Manos Kitap tarafınca yakın geçmişte yayımlanan ‘Hayatlarınız Alacaklıyım’, lisan ve anlatım bağlamında da kayda bedel bir fazlaca vasfa sahip. Yalın, duru ve akıcı bir anlatımı benimseyen Tunç Kurt, ağdalı söyleyişten ısrarla kaçınmış. Sezgi, duyarlık, müşahede, bilgi, susma, geri çekilme, kendini saklama, doğayı dinleme ve yalınlaşma üzere biroldukca öğeyle gelenekten beslenmiş olmanın kazanımlarını birebir potada eritmeyi başarmış muharrir. bayağılığa, yenidena, karmaşıklığa, dolaylamaya, gereğinden çok açıklamaya düşmeden bir üst lisan kurma yetisine dayamış sırtını. Her şeyi ele geçirme uğraşındaki iktidarlara karşı kuşkuyu canlı tutma gereğini göz arkası etmemiş. yinelardan arınarak ve şifreleyerek yazma, slogandan ve yüceltmeden kaçınma, nostaljiden uzak durma üzere temel disiplinleri de hakkıyla uygulamış. Ortalama bir mana için kodlanmış ve hayatın ortasına savrulmuş-yerleştirilmiş imajların kurguya asla yetmeyeceğinin şuuruyla yazmış her hikayeyi. Söyleyişin içeriği gölgelemesine müsaade vermediği üzere okurun kolaycılığa kapılmaması için de şuur akışı ve vakit geçişleri üzere farklı anlatım biçimlerini yerinde ve incelikli bir biçimde kullanmış.

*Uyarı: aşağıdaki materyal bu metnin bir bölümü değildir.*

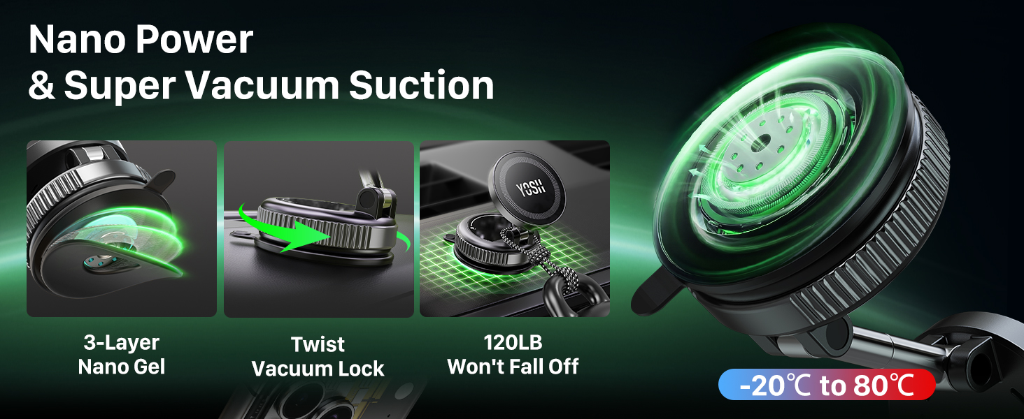 Upgraded Vacuum Plus Adhesive Base: Twist-lock vacuum tech boosts suction by 60%, matched with a 4-layer nano-gel pad for 120 lbs holding force. Retains 99% suction after 1,000+ tests, stays rock-solid from -40°F to 200°F, and outperforms regular adhesive dashboard mounts. Clings tight to smooth/non-smooth car surfaces, never falls on bumpy roads, washable & reusable with no sticky residue
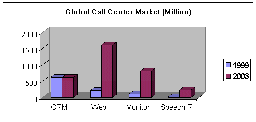 。。在1999年,全球呼叫中心應用軟件的市場總值為29億美元,到2003年這一數(shù)字將增長近三倍,達到85億美元。這一增長主要來源于對基于互聯(lián)網(wǎng)呼叫應用軟件以及呼叫監(jiān)控解決方案的需求。Data-monitor 市場分析專家在1999年針對呼叫中心軟件市場進行調(diào)研,具體數(shù)字詳見下表: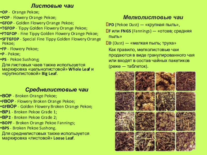 Байховый (листовой, ломаный, гранулированный, высевки, крошка);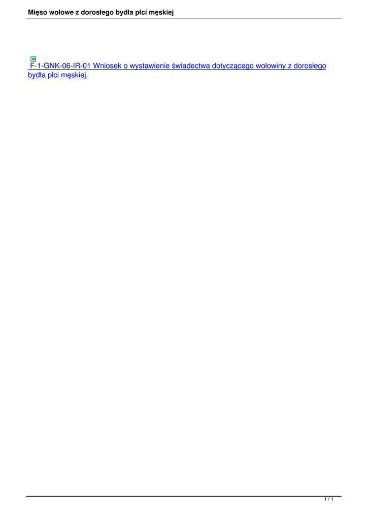 Mięso wołowe z dorosłego bydła płci męskiej F-1-GNK-06-IR-01 Wniosek o wystawienie świadectwa dotyczącego wołowiny z dorosłego bydła płci męskiej. 1/1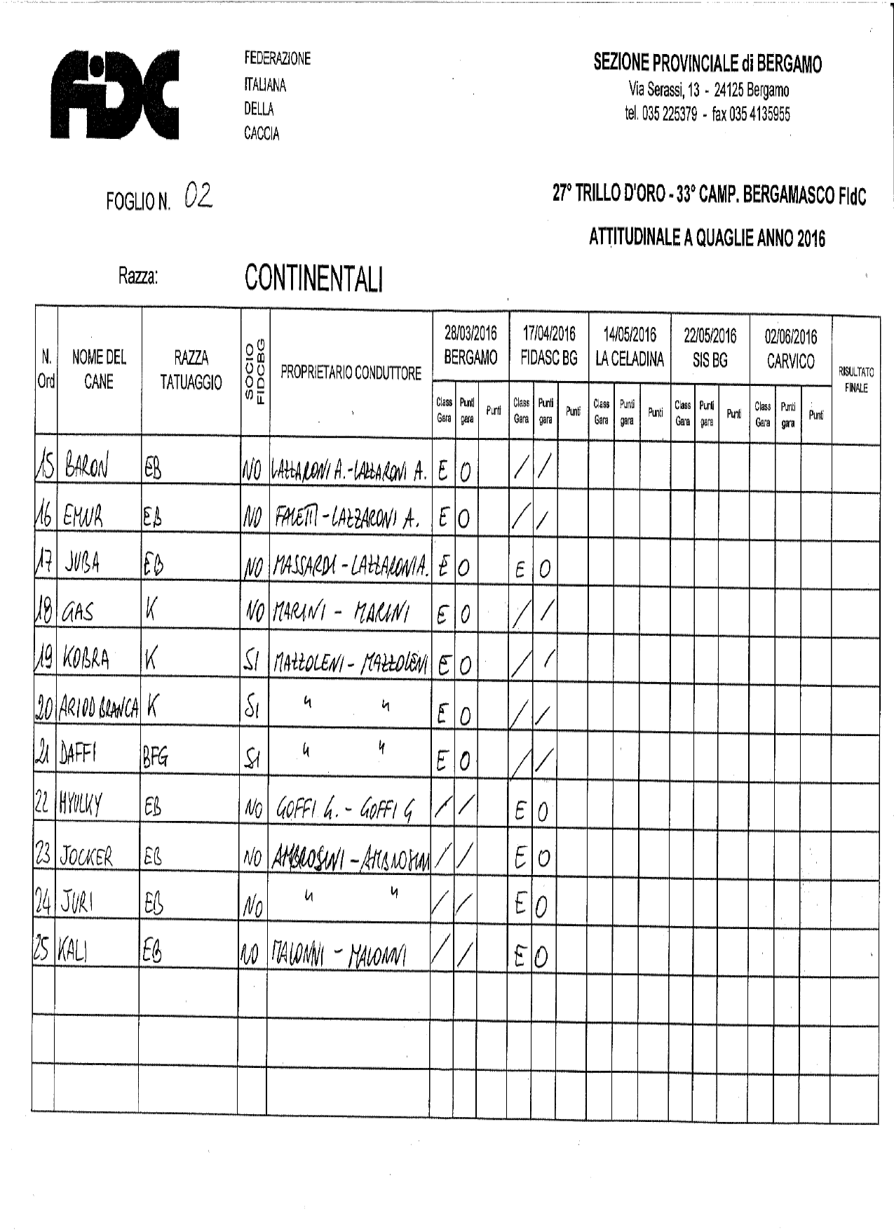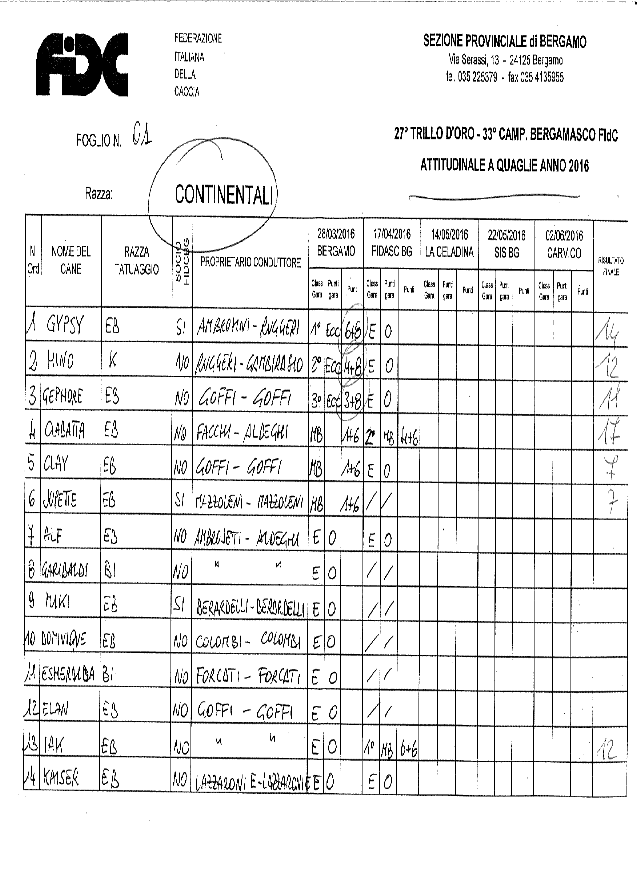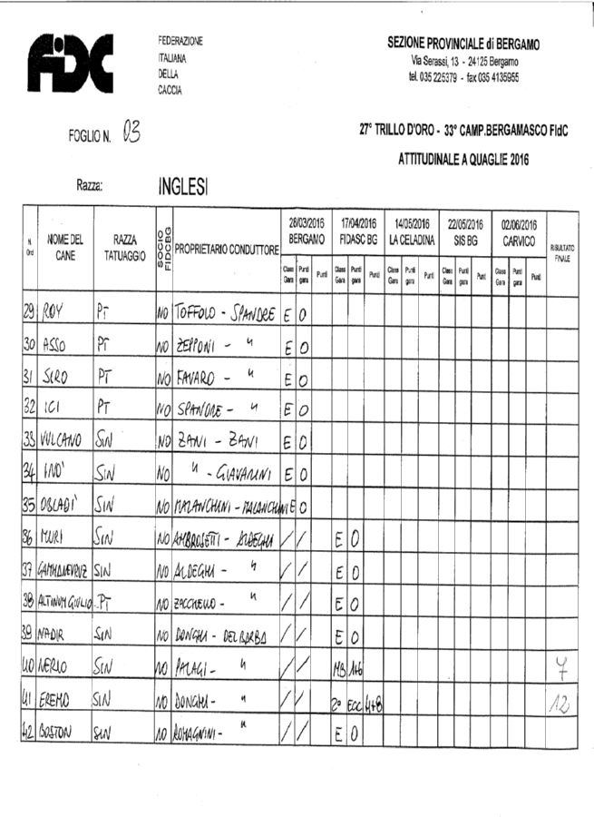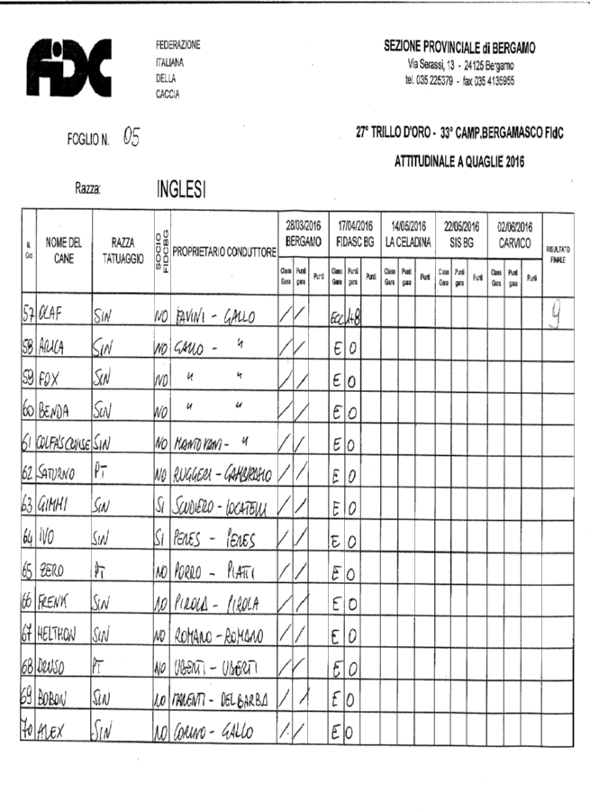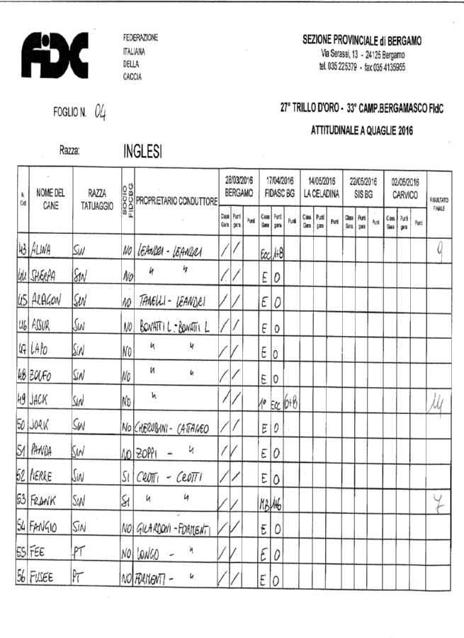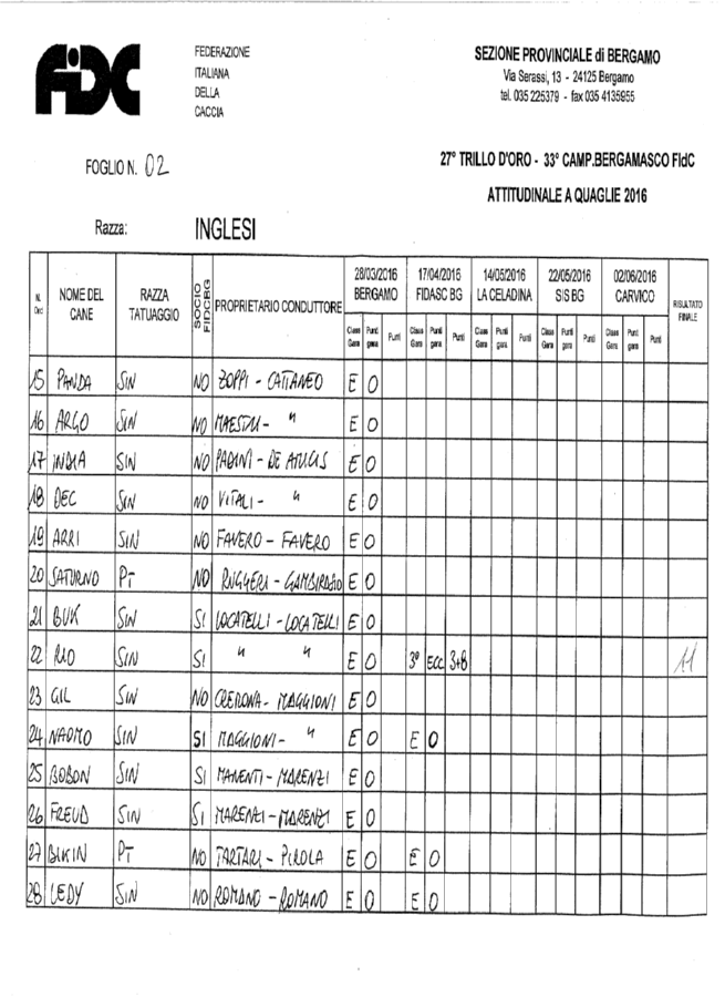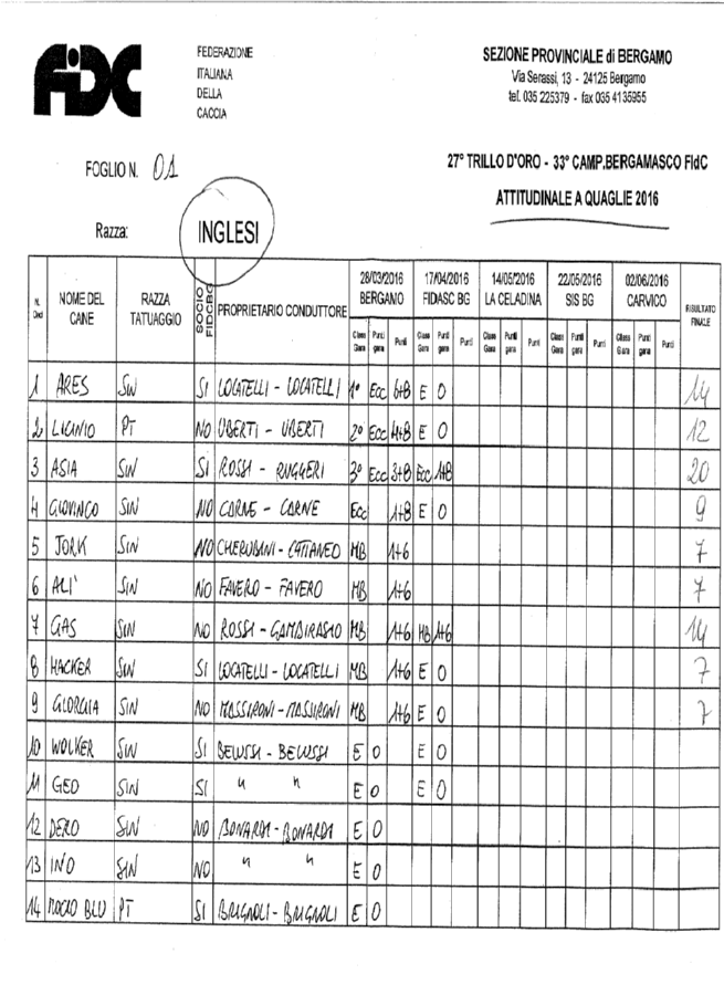 Scarica i risultati dell’ attitudinale a quaglie 2016 continentali

Muharrir, postmodern anlatının yapıtaşlarından olan pastiş, parodi ve üst kurmaca üzere halleri hikayelere yakışan bir bezeğe dönüştürmeyi başarırken kelam konusu edebi manipülasyonun hilelerinden arınık durmayı da layıkıyla gerçekleştiriyor. niçinsellik bağını hem metin içi kurgu vasıtasıyla birebir vakitte metnin gerçeklikle bağı aracılığıyla yapılandırıyor. Bu bağlamda kendinden menkul hikayeler denemeyecek bir toplamı var ediyor. Dirime tüm kökleriyle tutunmuş bir belge karşımızdaki. Lisan ve anlatımın doğallığı ve samimiyeti, içeriğin canlılığını bütünlüyor. Okunduktan daha sonra da yaşamaya devam eden hikayeler can buluyor bu yolla. Sudenaz’ın Salonu, Dede’nin Delice Uykusu, ayva ağacında yankılanan Yaşar, ismi bize de kalan Rojda ve diğerleri…

Son kelamı Yakup söylesin: Ve sabah bunları bir bir kendime anlatacağım.